Knott, who had been asleep on the back seat, scrambled his way over the central console and came to sit in Luca’s lap, licking his chin. Luca stroked him distractedly, listening to the song. Every word of it could be about Pax. Or him. He cut the engine.
As he did, he could hear a man’s raised voice out of sight behind the car, a familiar soundtrack from the stud in the past week. He’d only ever seen Mack from a distance – not hard to spot his thick-set bulk and the way he used it to put his wife in reverse, Ginger Rogers dancing backwards around the cobbles – but his voice carried like a dictator at a rally.

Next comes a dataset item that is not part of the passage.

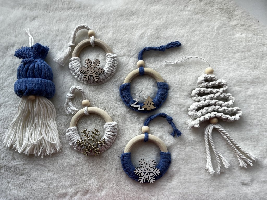 Vánoční ozdoby na stromeček z macramé

Catching movement in his mirrors, he turned to see Pax’s little boy standing by the yellow motorbike, carrying an oversized cuddly rabbit and a toy steam engine. Stocky, round-cheeked and glossily brunette, he took after his father. Yet it was his mother’s haunted, soulful eyes that peered out from beneath the heavy fringe. Out of sight, Mack’s voice shouted and raged, Pax’s urgent attempts to quieten him unheeded.
Luca watched as the boy set down his toys and picked up a handful of gravel, pushing it into the exhaust of the big bike, followed by another, then a third. The fourth handful was hurled at the shiny yellow paintwork. As he turned for a fifth, he caught sight of Luca watching him and promptly disappeared.
Luca’s phone rang again. It was Ronnie, the line so bad it sounded as though she was grinding coffee. ‘Where in hell are you? I’ve been shouting my head off on the yard, didn’t you hear?’
‘I’ll be there in a minute,’ he promised as the coffee grinder scattered its contents down the line, her response inaudible.
At last Pax wrenched the back door open, helping Kes into his booster seat, her tone predictably hypnotic with soothing reassurances. ‘Now, have we got everything? You have Rab the rabbit, yes? Right. Remember Luca, Granny’s stud manager? Say hello!’